Geert Hofstede was a social science professor who taught at a university in the Netherlands. He died in 2000 but the focus of his work was cross cultural studies. He developed a popular framework for looking at cultural differences known as the Hofstede model of national culture which ranked each country according to six dimensions.
There’s a list of all six here but one of those dimensions was individuality. And it turns out that if you look at the ranking of countries on the basis of individuality, the US is at the very top with an individualism score of 91 out of 100. Other countries at the top of the list are Australia, UK, Netherlands, New Zealand, Italy, Belgium, Denmark and France. Countries that score very low on this dimension include: Guatemala, Ecuador, Panama, Venezuela, Colombia and Pakistan.
As this piece published today by the NY Times points out, not everyone agrees that individualism, exemplified by the idea of the American dream, is a good thing. In fact some argue that individualism makes people selfish. But this new research suggests that’s not the case.
For our research, we gathered data from 152 countries concerning seven distinct forms of altruism and generosity. The seven forms included three responses to survey questions administered by Gallup about giving money to charity, volunteering and helping strangers, and four pieces of objective data: per capita donations of blood, bone marrow and organs, and the humane treatment of nonhuman animals (as gauged by the Animal Protection Index).
We found that countries that scored highly on one form of altruism tended to score highly on the others, too, suggesting that broad cultural factors were at play. When we looked for factors that were associated with altruism across nations, two in particular stood out: various measures of “flourishing” (including subjectively reported well-being and objective metrics of prosperity, literacy and longevity) and individualism…
On average, people in more individualist countries donate more money, more blood, more bone marrow and more organs. They more often help others in need and treat nonhuman animals more humanely. If individualism were equivalent to selfishness, none of this would make sense.

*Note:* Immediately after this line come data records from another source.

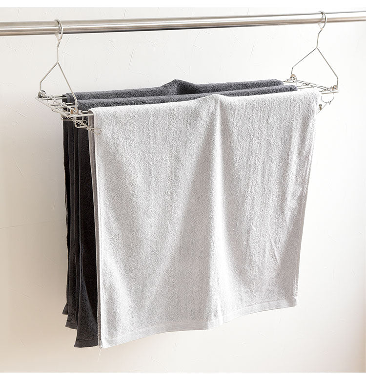 バスタオルを一度に3枚干せるピンチ付きのバスタオルハンガーです。
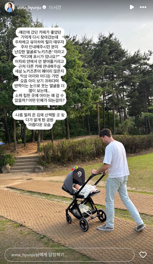 임현주 아나운서는 1일 자신의 인스타그램 스토리에 "예전에 갔던 카페가 좋았던 기억에 다시 찾아갔는데 주차하고 유아차에 릴리 태우자 주차 안내해주시던 분이 난감한 얼굴로 '노키즈존'이라고. "어디에 표시가 있나요?" 어차피 안에서 안 받아줄거라고 근처 다른 카페 안내해주심. 새삼 노키즈존이 왜이리 많은지 막상 아이와 어디든 가면 요즘 아이 보기 귀하다며 반짝이는 눈으로 웃는 얼굴을 더 많이 보는데"라고 아쉬움을 드러냈다.
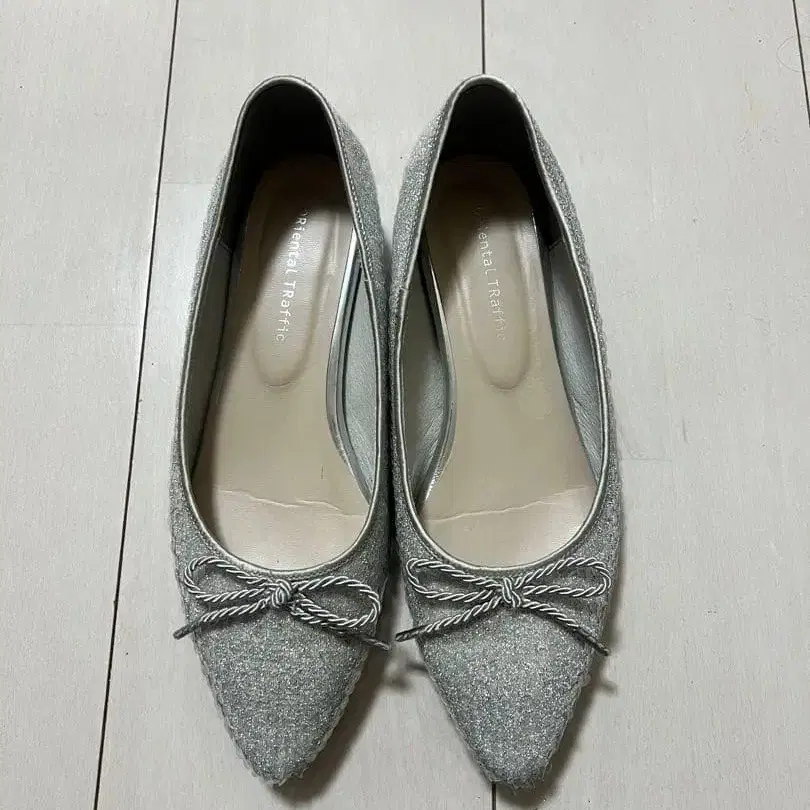 [ 새상품급 ] Oriental traffic 실버 리본 펌프스 36
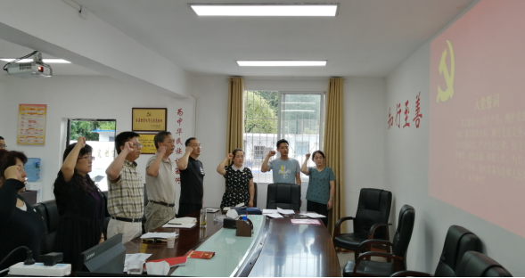 (本网讯后勤管理处易欣)为庆祝中国共产党建党99周年,大力弘扬党的光辉历程和丰功伟绩,增强党组织的创造力、凝聚力和战斗力,充分发挥党组织战斗堡垒作用,激发广大党员发挥先锋模范作用,7月1日,后勤管理处党总支开展“重温入党誓词、过政治生日”主题党日活动。后勤管理处分管校领导副院长胡兴灿到会指导,后勤管理处党总支全体党员参加活动。
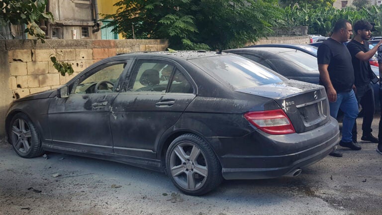 Agentes de segurança libaneses ao lado de um carro parcialmente danificado após o que se acredita ser o resultado da explosão de um walkie-talkie dentro dele, na cidade portuária de Sidon, no sul do Líbano, quarta-feira, 18 de setembro de 2024. AP Photo/Mohammed Zaatari
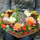 Новогоднее сердце из роз, хвои, шишек и сладостей, стандартный

And it’s not just because people in individualistic countries tend to be wealthier. After “statistically controlling for wealth, health, education and other variables” the researchers found that countries like the Unites States and Netherlands were more altruistic than more collectivist countries like Ukraine and China.
The authors review three possible reasons or hypotheses for why individualistic nations might be more generous. One possibility is that people in these countries are more personally satisfied with their lives. Another possibility is that individualism frees more people to act on behalf of others. But the third possibility struck me as potentially significant at this moment in time: Individualism leads people to focus on universal rights and welfare rather than group dynamics.
The article’s author doesn’t say this but I will. Dividing people by race and treating those differences as essential to their individual identities, as many on the left seem eager to do these days, seems like a way to put the focus back on groups and inter-group dynamics rather than on universal values. And that seems like a way to short cut the kind of broad generosity the authors are talking about as a benefit of individualism.